Nu moet u weten dat er nog iets is waar ik een hekel aan heb en dat is alle vormen van bekneld zitten. Daar wordt ik niet lang chagrijnig van, daar schiet ik heel snel van in een of andere paniek die mij ongecontroleerd doet bewegen en waarvan het zweet me uitbreekt. Los. Los. Los. Is het enige doel van mijn bestaan op dat moment.

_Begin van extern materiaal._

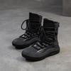Johnature Botas retrô de cano médio com sola grossa e couro legítimo com cadarço, sapatos femininos
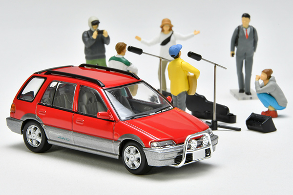 「路上ライブ」をテーマにしたセット。ギターを演奏する2人、踊る人、撮影する人、通りすがりの人等や、情景パーツ各種で路上ライブのシーンを展開できます。ミュージシャンが乗ってきたホンダ シビックシャトル ビーグル(専用仕様)も付属。「#カースナップ21a カフェテラス 」(別売・2023年10月発売予定)と組み合わせればより一層、ストリートの雰囲気がお楽しみいただけます。クルマとその周辺が映える写真をSNSに投稿して、#カースナップや#TLVを盛り上げましょう。
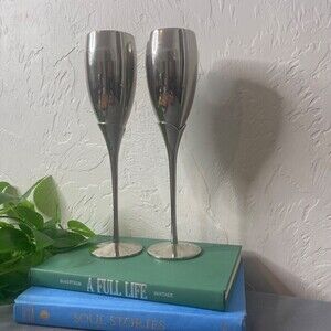 Vintage Silver Plated Long Stem Tulip Goblets Wine Flutes Set Of 2 10 Inch Tall
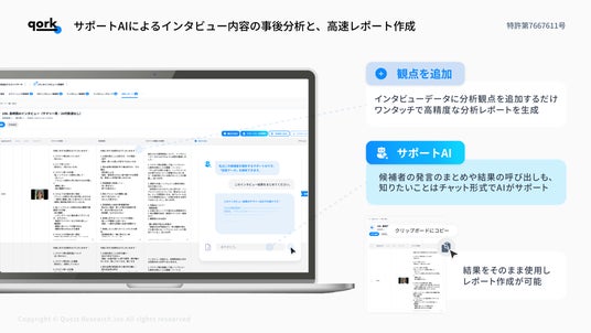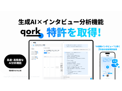 株式会社Quest Research(本社:東京都港区、代表取締役:南健太)は、生成AIを活用したインタビューサービス「qork(コルク)」に関する独自技術で特許を取得したことをお知らせします。
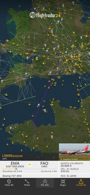 Il B737/800 G-JZHC era decollato quasi un oretta fa.
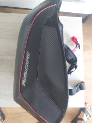Mochila para moto en perfecto estado. - Diseño deportivo. - Material resistente. - Acabados de carbono. - Color negro con detalles rojos.
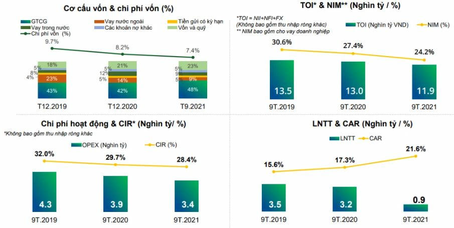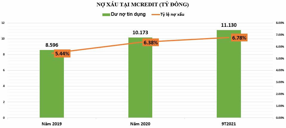 Dựa vào báo cáo tài chính riêng lẻ, nợ xấu tại ngân hàng mẹ cuối tháng 9/2021 là 2.400 tỷ đồng, giảm hơn 6% so với đầu năm; nợ xấu hợp nhất là 3.186 tỷ đồng. Như vậy, ước tính nợ xấu tại công ty con Mcredit khoảng 755 tỷ đồng.
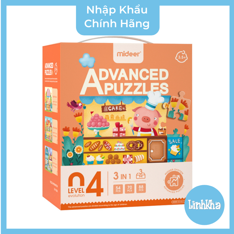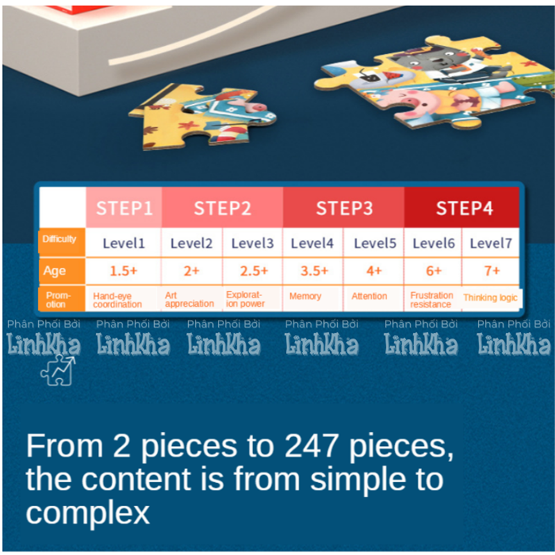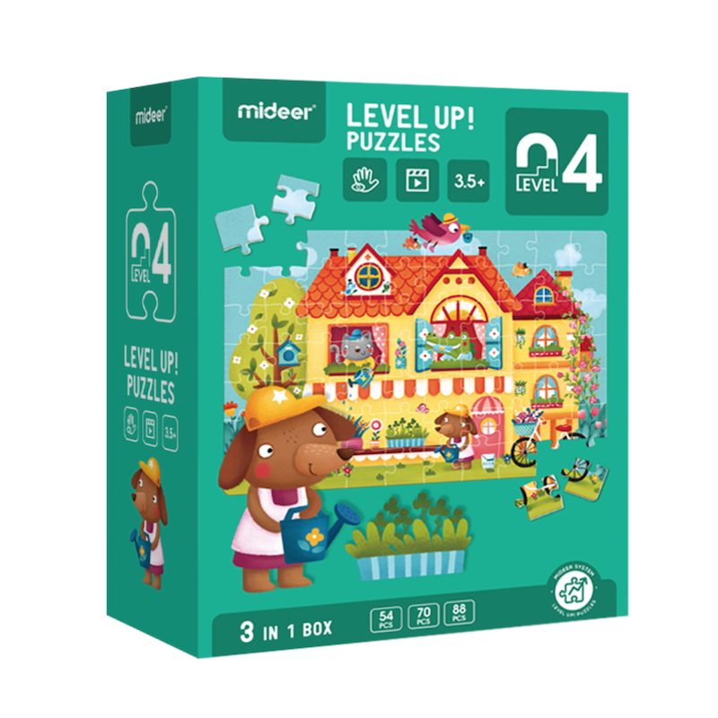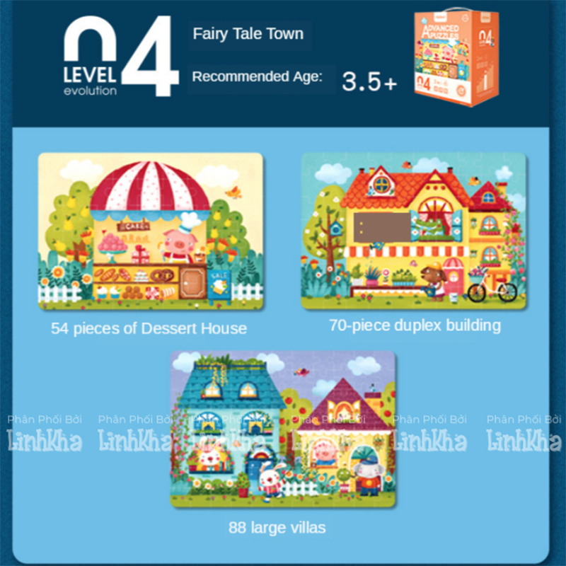 - Bộ xếp hình mức độ 4 nằm trong bộ 7 cấp độ cho bé, với mức độ phức tạp tăng dần. - Level 4 cho trẻ 3,5+:
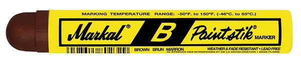 $24.36 / eachWeb priceSolid Paint Marker, Large Tip, Brown Color FamilySKU G5377337Categories Paint and Body EquipmentDescription Paint Crayon, Actuation Type Not Applicable, Casing Material Wood Holder, Dry Time 12 to 24 hr, Glow-in-the-Dark No, Grade Scanner Compatibility Not Applicable, Hardness Not Applicable, Indoor/Outdoor Usage Indoor/Outdoor, Marker Size Group Standard, Marking Tip Shape Round, Maximum Application Temperature 150 Degrees F, Minimum Application Temperature -50 Degrees F, Overall Length 4 3/4 in, Pigment Color Brown, Pigment Material Paint, Pigment Maximum Surface Temperature Not ApplicablegraingerSKU: 23YT94, mscSKU: 67525279, zoro_no: G5377337, mongo_id: 65bbe7763aaddbd5a90973a3
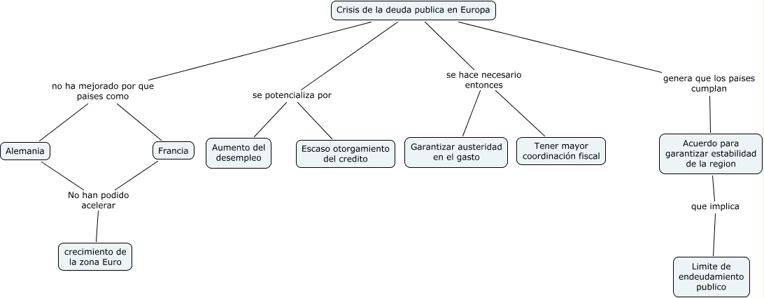 Este Cmap, tiene información relacionada con: Crisis de la deuda publica en Europa, Francia No han podido acelerar crecimiento de la zona Euro, Acuerdo para garantizar estabilidad de la region que implica Limite de endeudamiento publico, Crisis de la deuda publica en Europa no ha mejorado por que paises como Alemania, Crisis de la deuda publica en Europa se hace necesario entonces Tener mayor coordinación fiscal, Crisis de la deuda publica en Europa se potencializa por Aumento del desempleo, Crisis de la deuda publica en Europa se potencializa por Escaso otorgamiento del credito, Crisis de la deuda publica en Europa no ha mejorado por que paises como Francia, Alemania No han podido acelerar crecimiento de la zona Euro, Crisis de la deuda publica en Europa se hace necesario entonces Garantizar austeridad en el gasto, Crisis de la deuda publica en Europa genera que los paises cumplan Acuerdo para garantizar estabilidad de la region

Zo heb ik ooit op een bed in een New Yorkse (decadent, decadent) hotelkamer gezeten, met een jurkje aan (net gekocht) dat ik zonder hulp niet meer uit kreeg. De hulp was alleen niet aanwezig. Die stond buiten, foto's te maken. Pff. En dat duurde en dat duurde. Tegen de tijd dat de hulp arriveerde had ik al geprobeerd de stof los te scheuren, hetgeen niet lukte. Had ik 80 liter uitgezweet en duizend krachttermen geuit. Overwogen de gang op te rennen op zoek naar een kamermeisje. En tot slot geprobeerd mezelf in een meditatieve staat te storten: adem in, adem uit, herhaal. Alles nutteloos.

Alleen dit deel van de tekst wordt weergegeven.